Assigned task
Output the data in full. Keep every word exact and exclude the pictures.

Recorded information
================

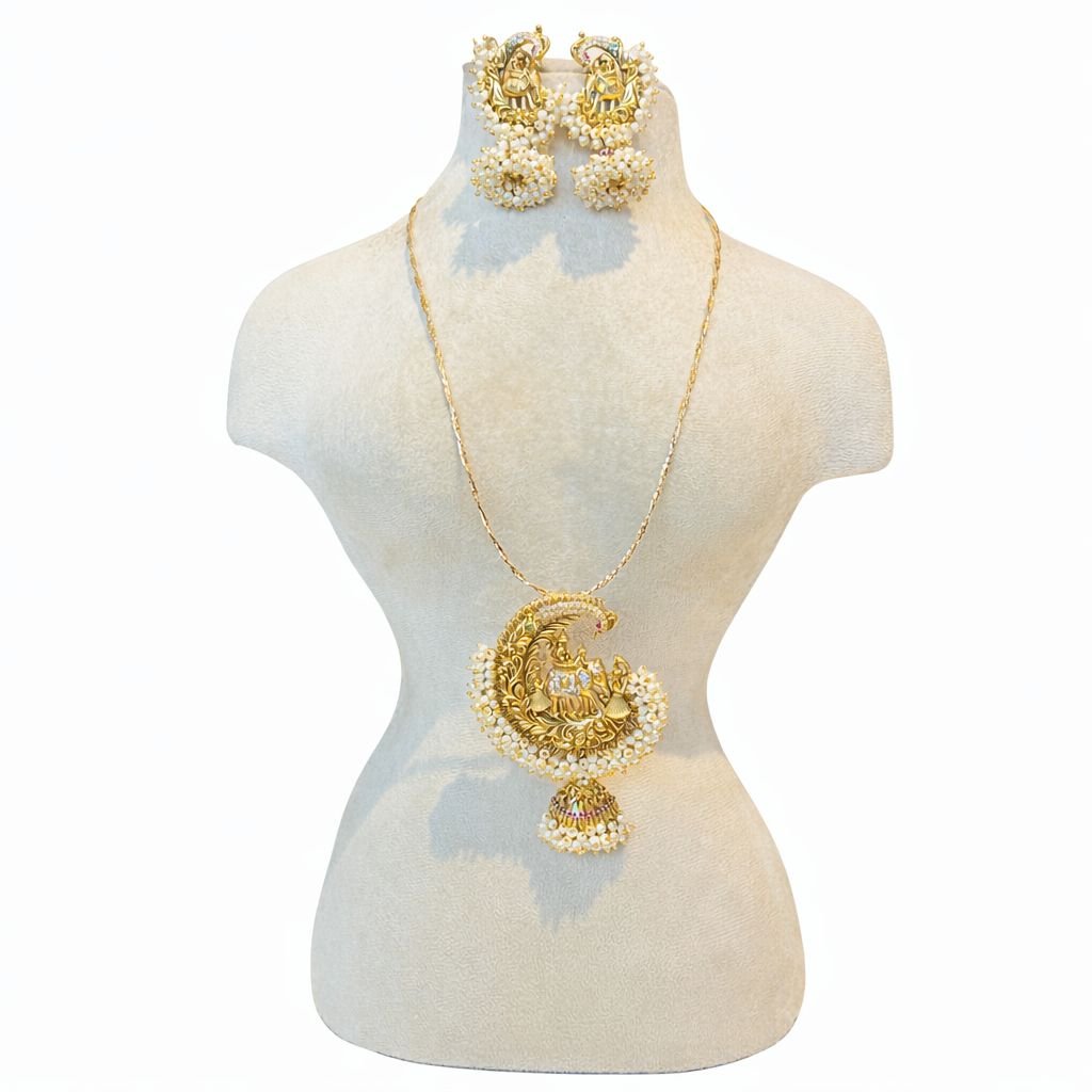 Add a touch of charm to your festive collection with the Moon Grace Pendant Necklace Set. Designed with a crescent-inspired pendant and delicate pearl detailing, this set comes with matching earrings for an elegant traditional finish.
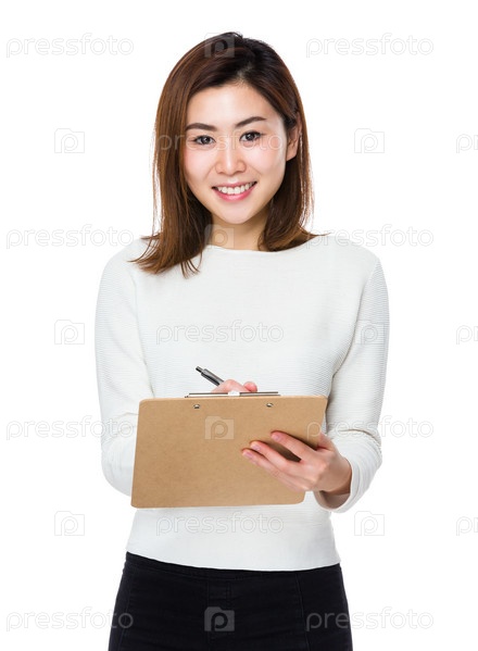 Молодая женщина с планшеткой
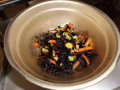 また,ひじきのソテーの中の枝豆のきみどり色・人参のオレンジ色が色鮮やかに仕上がりました。

================

Task output
 Add a touch of charm to your festive collection with the Moon Grace Pendant Necklace Set. Designed with a crescent-inspired pendant and delicate pearl detailing, this set comes with matching earrings for an elegant traditional finish.
 Молодая женщина с планшеткой
 また,ひじきのソテーの中の枝豆のきみどり色・人参のオレンジ色が色鮮やかに仕上がりました。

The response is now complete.